**Problem description:**
Pictures excluded, reproduce exactly the lines below from the one with "Abrigo de pelito" through the one with "月 07 日訊】來看到日本經濟新聞報導:美國提高關稅,中方示弱,欲進一步協商。", both included.

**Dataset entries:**

.....

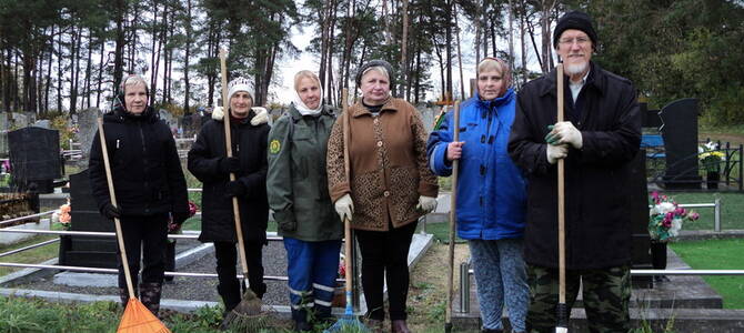 27 октября настоятель храма Святой Живоначальной Троицы аг. Деревная Слонимского благочиния протоиерей Анатолий Ежевский и активные прихожане присоединились к епархиальной акции «У Бога все живы» и навели порядок на приходском кладбище.
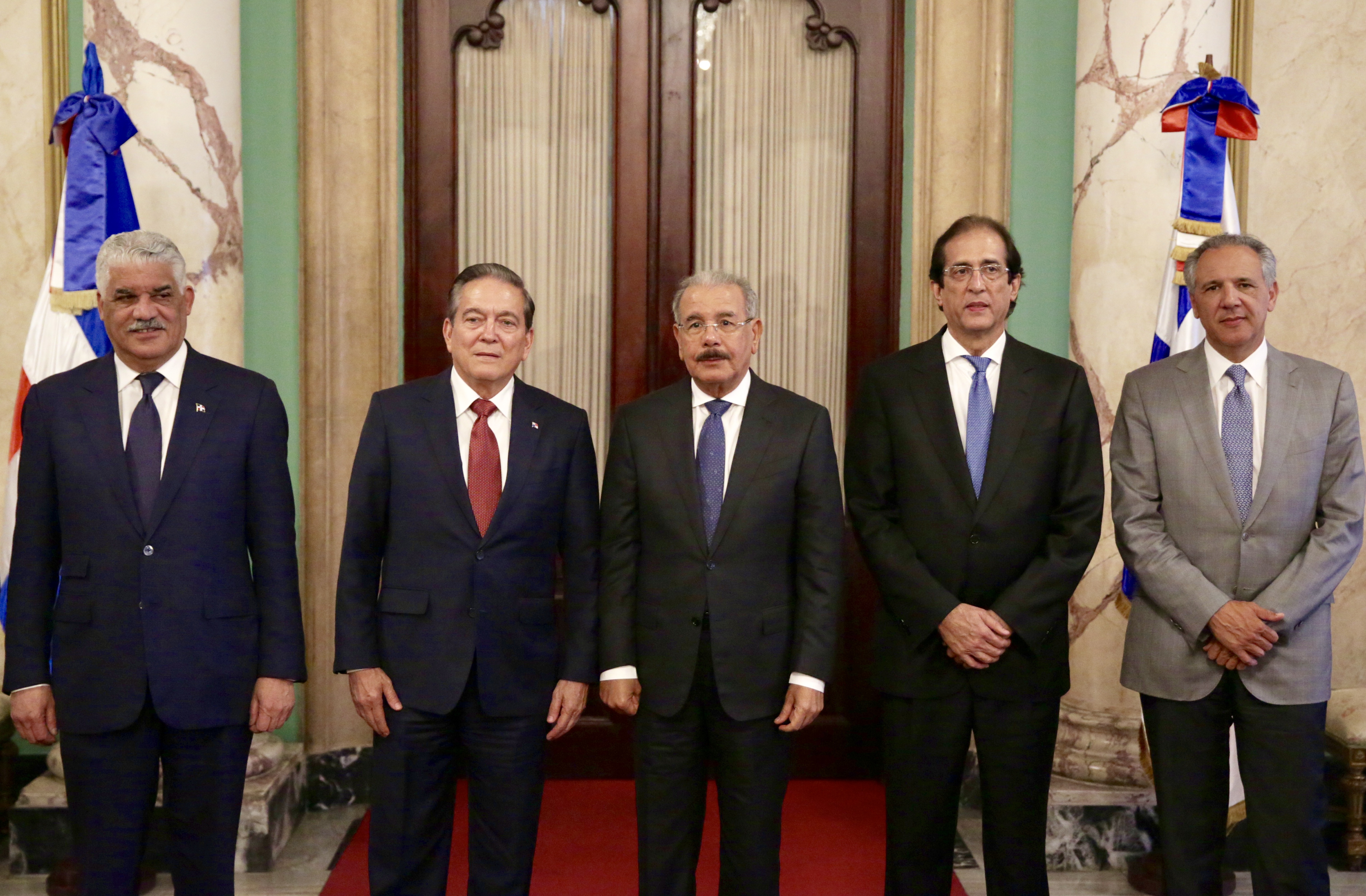 El ministro de Relaciones Exteriores, Miguel Vargas; presidente electo de Panamá, Laurentino Cortizo; presidente Danilo Medina; ministro de la Presidencia, Gustavo Montalvo, y ministro Administrativo de la Presidencia José Ramón Peralta.
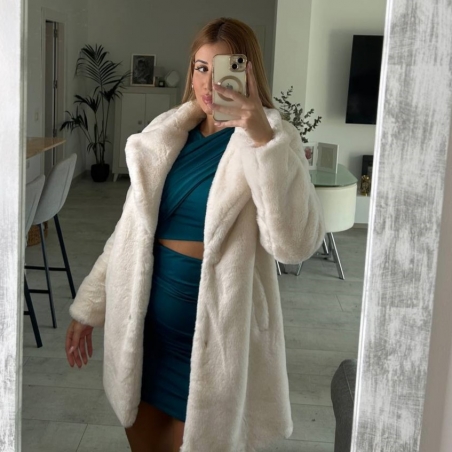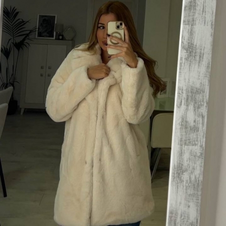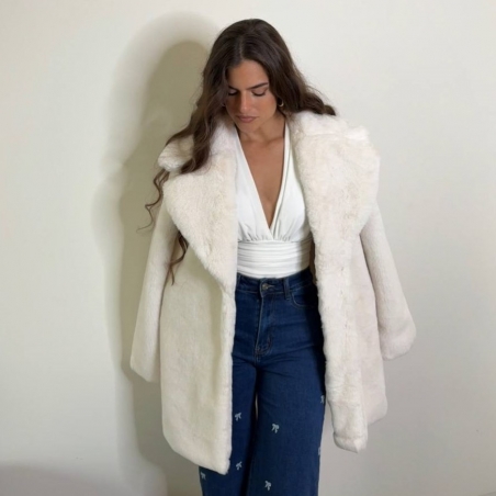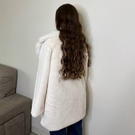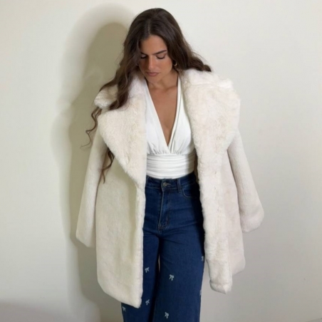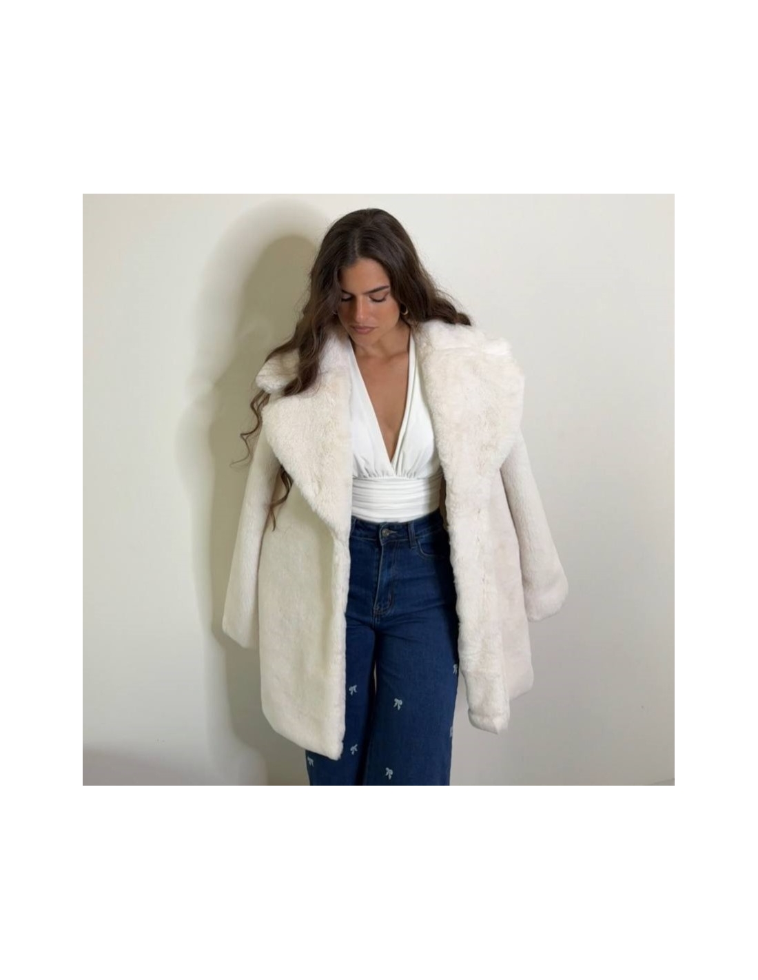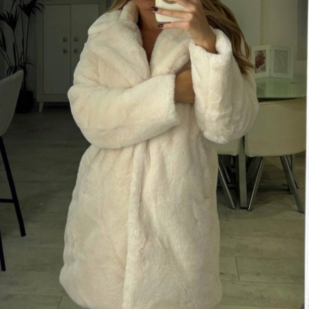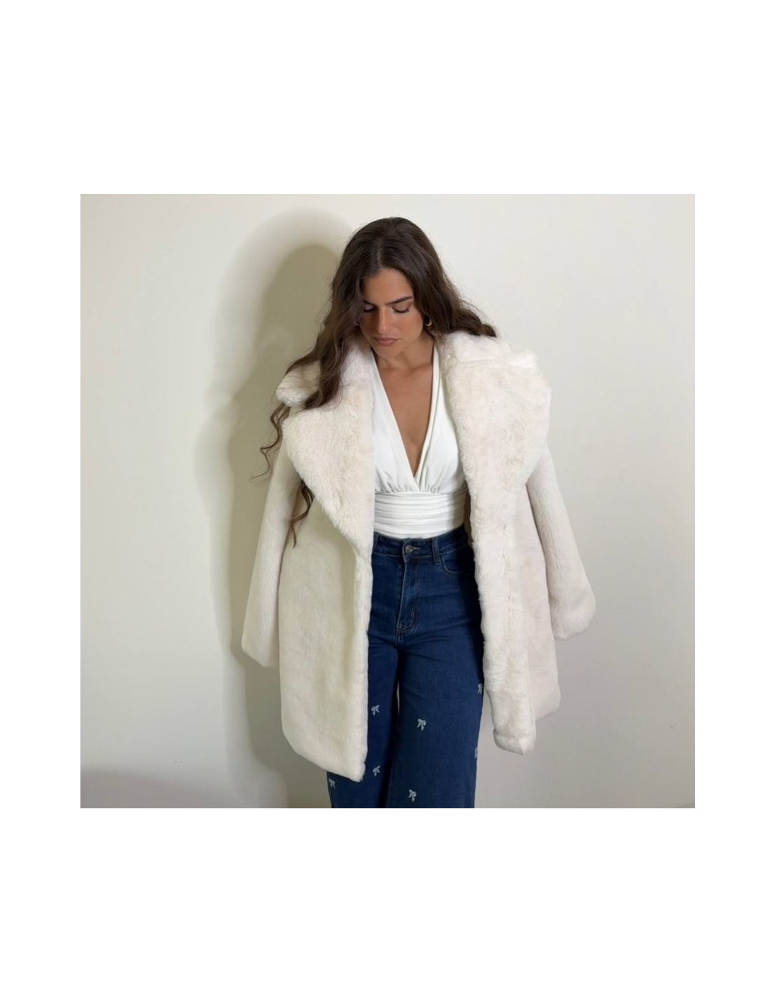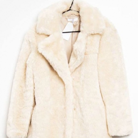 Abrigo de pelito crema con forro interior a tono. Cuello de solapa. Cierre delantero con botón. Talla única.
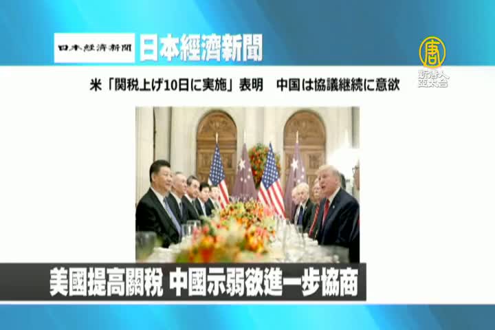 【新唐人亞太台 2019 年 05 月 07 日訊】來看到日本經濟新聞報導:美國提高關稅,中方示弱,欲進一步協商。
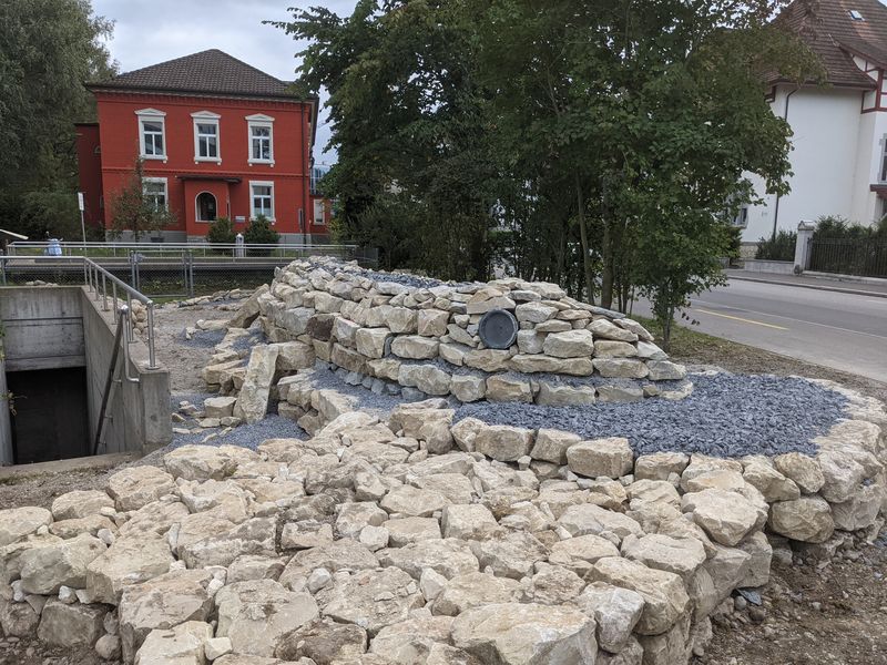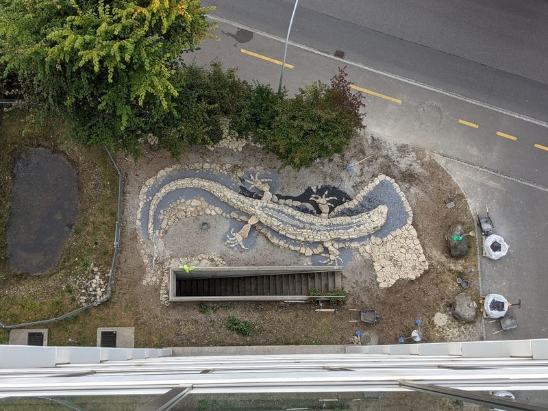 Im Park auf dem Schulgelände der Alten Kantonsschule Aarau haben zwischen Mitte und Ende September 2021 rund 180 Kantischülerinnen und -schüler eine Steinechse gebaut. Unter der Anleitung von Beat Haller, Projektleiter beim Verband der Kies- und Betonproduzenten Aargau (VKB), sowie der Künstlerin Eva Furrer errichten sie eine rund 15 Meter lange und 1,25 Meter hohe Echse aus Kalksteinen. Entlang der Aarauer Feerstrasse ist so mitten im Siedlungsgebiet ein neuer Lebensraum für Eidechsen, Insekten und Amphibien entstanden.
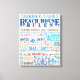 Decorate your beach house with this custom, whimsical canvas sign. Full of funny sayings in shades of blue, aqua green, coral, red and sandy brown, this bright wall art will make your family and your guests laugh. The background has a light faux (printed) wooden texture.

.....

**Your response:**
 Abrigo de pelito crema con forro interior a tono. Cuello de solapa. Cierre delantero con botón. Talla única.
 【新唐人亞太台 2019 年 05 月 07 日訊】來看到日本經濟新聞報導:美國提高關稅,中方示弱,欲進一步協商。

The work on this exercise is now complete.